No such situation exists in this case as in the Maryland case. The Maryland court relied on the case of Brown v. De Young, 167 Ill. 549, 47 N. E. 863, 866, in support of the view that the decree should afford relief to the minority stockholders only. The defendants here rely also on that case in support of their contention that a decree of like kind should be entered in this cause. In Brown v. De Young, a decree awarding the entire recovery to the corporation would have indirectly compensated a large stock interest *91owned by Houston, who was not a defendant, “by whose participation and acquiescence the very inequity complained of was committed.” That is not the case here, for if it cannot be said that any one among those whose participation and acquiescence contributed to the wrong will share in the proceeds of its correction, except as the paying defendants themselves own stock in the corporation. They of course will share in the recovery to the extent that they own stock. That, however, is a mere incident to the ownership of stock, and so is unobjectionable. It amounts to their reimbursing themselves. The stockholders in the present case whom the defendants would exclude as indirect beneficiaries took no part in the acts complained against. The most they have done is to say, by their votes at a meeting convened after it was fairly evident that the case against the defendants was probably going to result in a recovery, that they did not want the corporation to be benefited regardless of its needs or prudential necessities. That is the only just interpretation which is to be put on their votes in favor of ratifying, approving and confirming the acts of the directors in respect to the matters complained against in this suit. The case, then, does not come within the principle of either Matthews v. Headley Chocolate Co., supra, in Maryland, or Brown v. De Young, supra, in Illinois. With respect to Brown v. De Young, it is to be noted further that the Illinois Supreme Court refused to approve a decree similar to the one entered in that case, in Voorhees v. Mason, 245 Ill. 256, 265, 91 N. E. 1056. In Avery v. Central Bank of Kansas City, 221 Mo. 71, 119 S. W. 1106, 1112, it was said that Brown v. De Young, supra, “rides off on a peculiar state of facts.”

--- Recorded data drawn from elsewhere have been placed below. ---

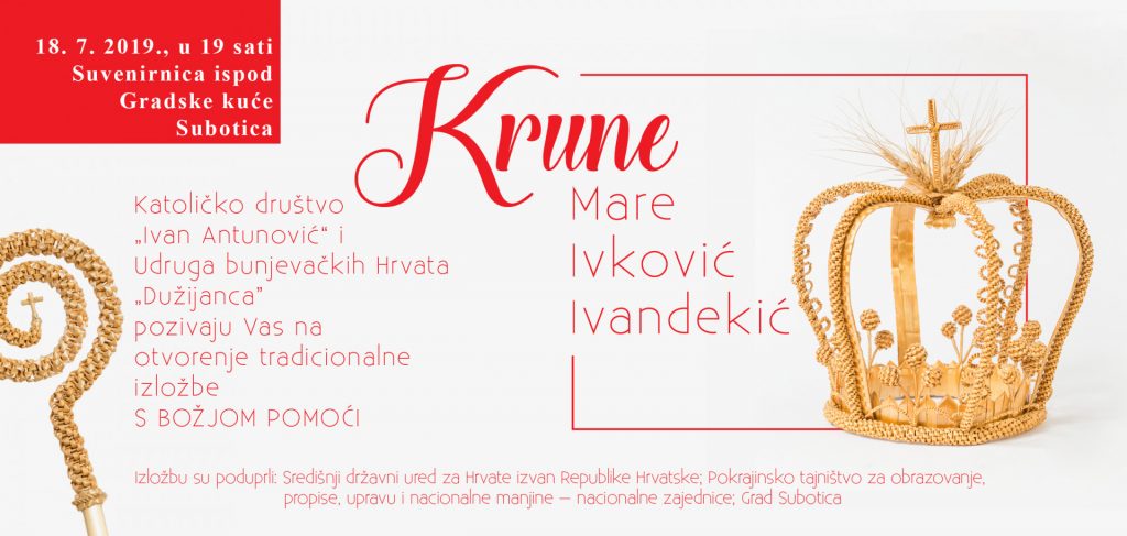 Katoličko društvo „Ivan Antunović“ i Udruga bunjevačkih Hrvata „Dužijanca“ priređuju u četvrtak 18. srpnja s početkom u 19 sati u Suvenirnici ispod Gradske Kuće Subotica otvorenje tradicionalne izložbe „S Božjom pomoći“ – Krune Mare Ivković Ivandekić.
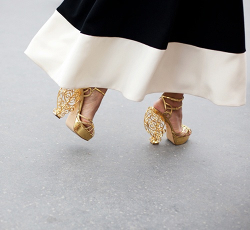 | Giày ánh kim + váy xòe = Cô nàng lãng mạn. |
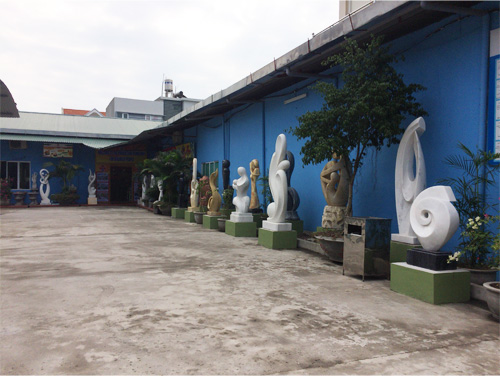 ↑行きと帰りに1回ずつ、それぞれ20分間のお手洗い休憩があり、大きな土産物屋さんに立ち寄る。行きと帰りとでは場所が異なり、写真は行きに寄ったお店。この地域では石彫刻がさかんなのか、行きのお店も帰りのお店も彫刻がたくさん展示してあった。お手洗いは広くて手入れが行き届き、気持ちよく利用できた。 |
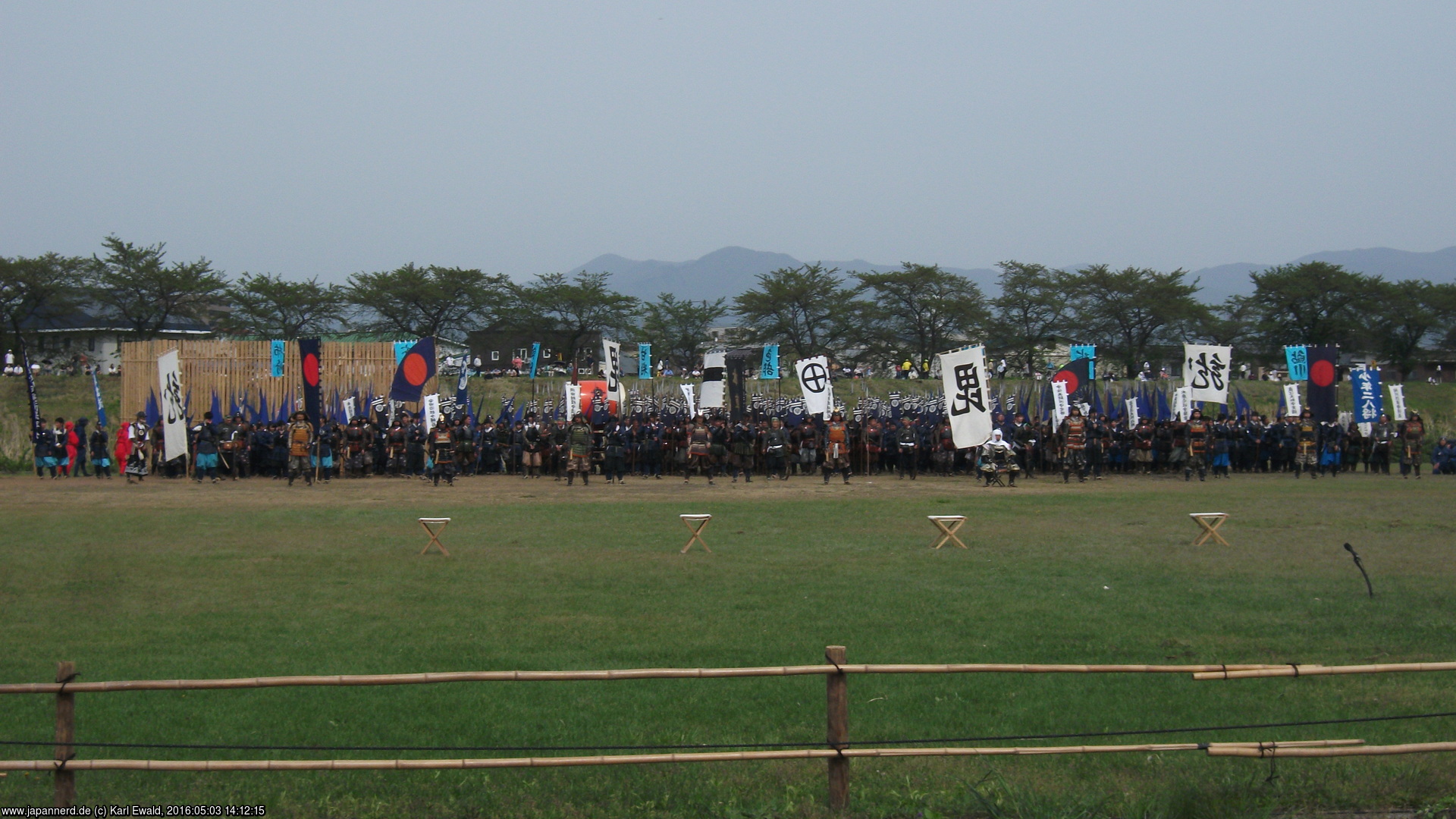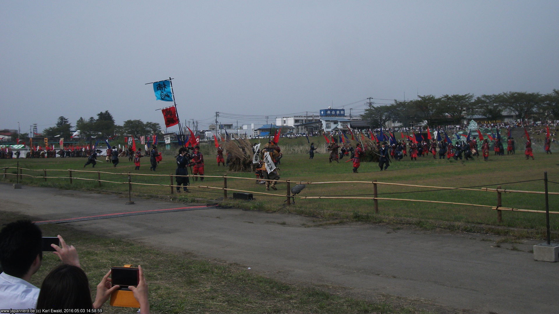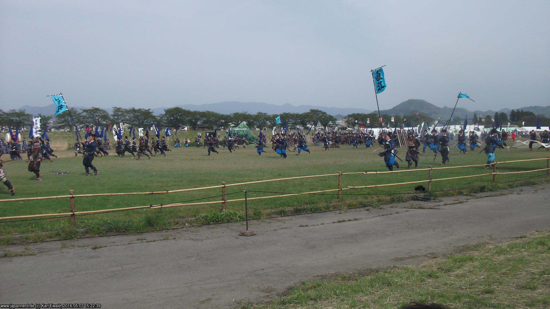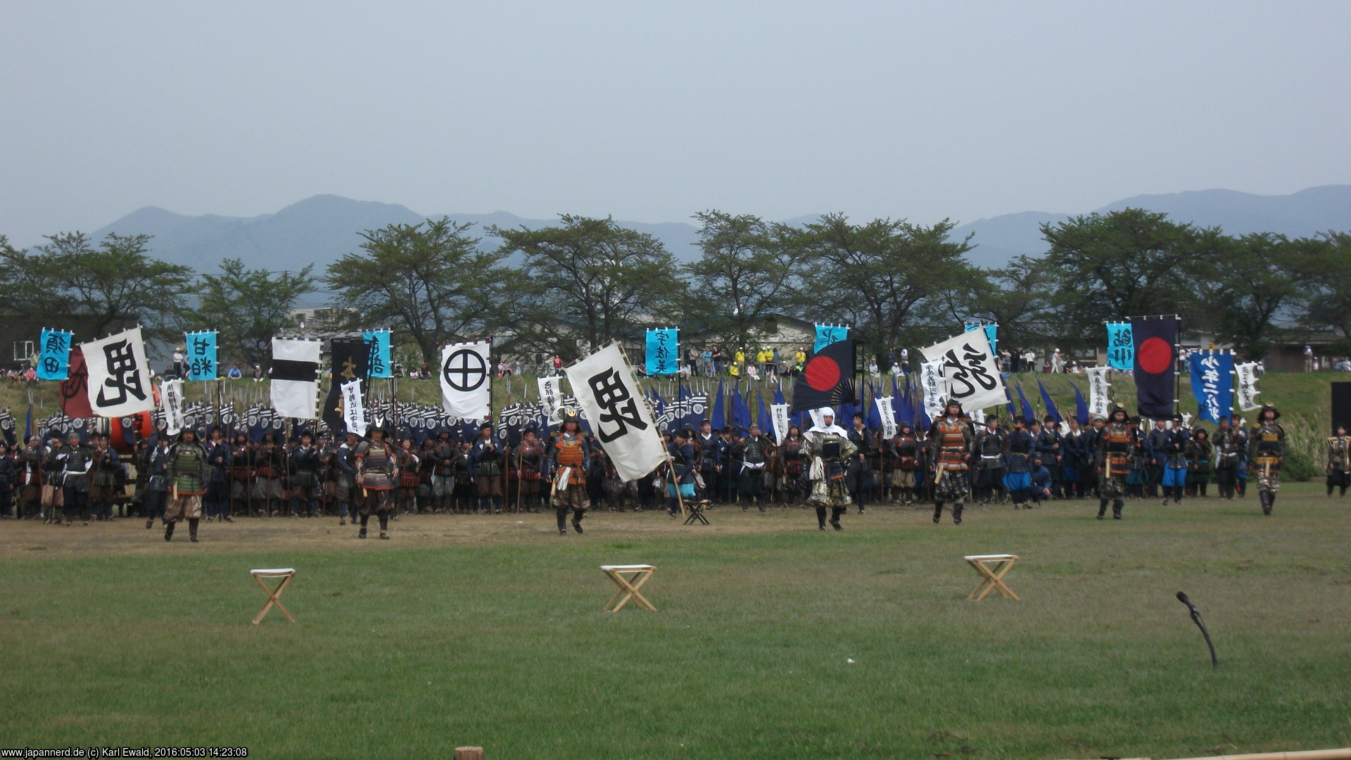 Die Mammutfahrt hatte ein konkretes Ziel: die Schlacht von Kawanakajima 1561, in der 2016 Auflage umgesetzt in Yonezawa auf der Wiese Kawanakajima am Fluss.
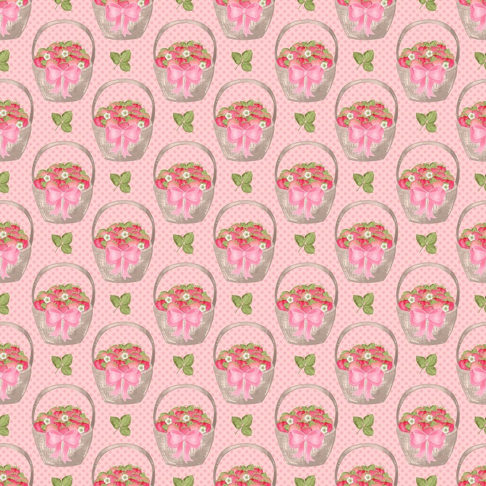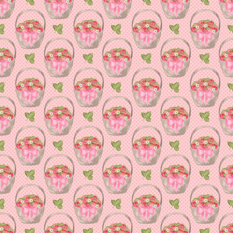 Strawberry Baskets on Dots Fabric - Light Pink Details
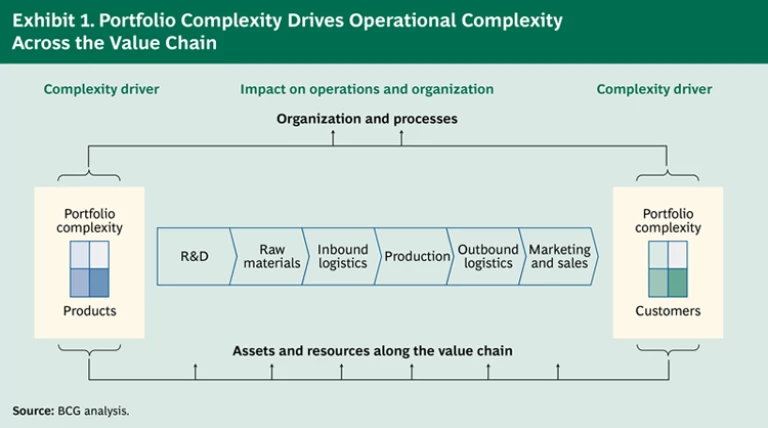 The full impact of product and portfolio complexity on operations is rarely obvious, even though it is felt across the entire value chain. (See Exhibit 1.) It hides in and between functions, departments, and regions, where employees see only slices of the problem. The people in sales, for instance, may see only a complex product portfolio. But plant managers wrestle with the challenges of production planning and scheduling, supply chain managers deal with rising inventories, and finance managers see a growing level of investment in fixed assets.
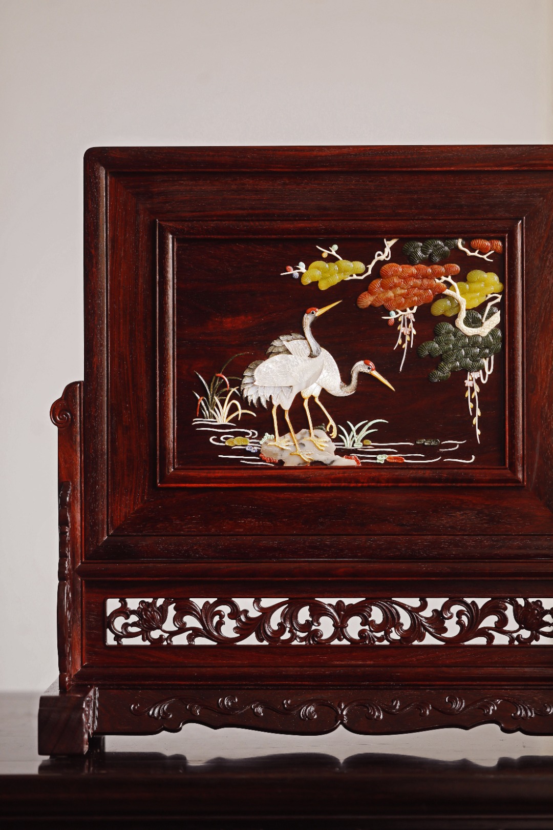 屏心以百宝诸珍镶嵌,寓意吉祥。
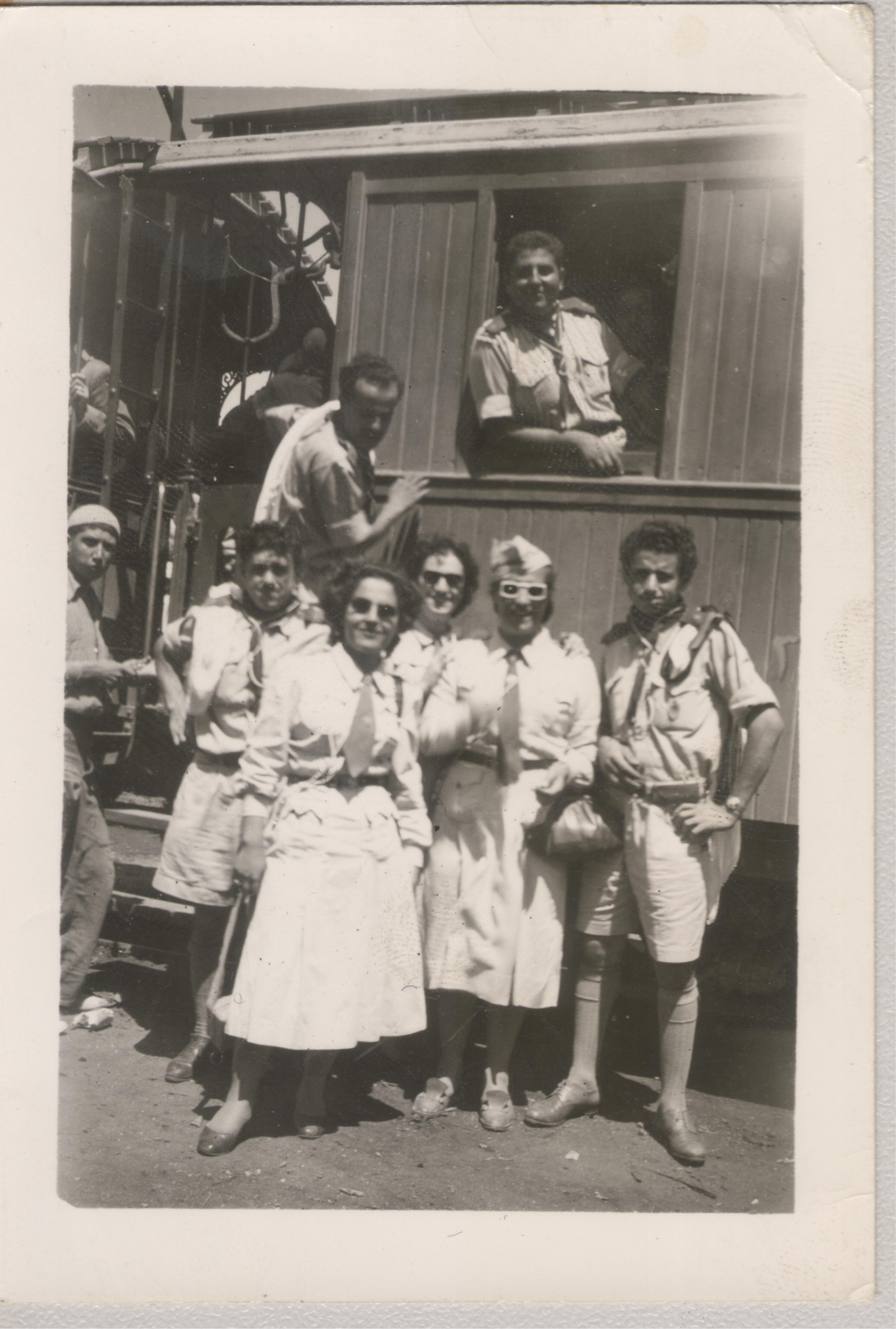A black-and-white photograph of members of the First Ramallah Scout Group (Sareyyet Ramallah).
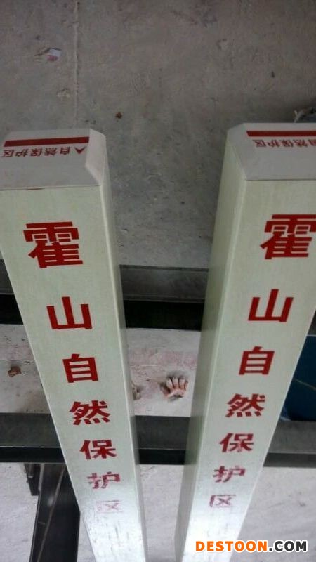 5.玻璃钢标志桩桩体表面内容使用特制特种油漆印刷,附着力好,光泽高。

The defendants cite a group of cases which I shall not pause to review which hold that where a stockholder had acquiesced in the wrongs complained of, he will not be heard to object in behalf of the corporation in a suit to repair those wrongs. Those cases, however, do not appear *92to me to be pertinent to the present controversy. While such a stockholder may be estopped from filing a suit in behalf of the corporation, the fact that he may reap indirect benefit from a derivative suit filed by another stockholder who is under no estoppel, will have no adverse effect upon the suit by the latter. Morawitz on Corporations, (2d Ed.) §§ 262, 272.

The decree should adjudge the corporation to be entitled to restitution in the amount indicated in the prior opinion.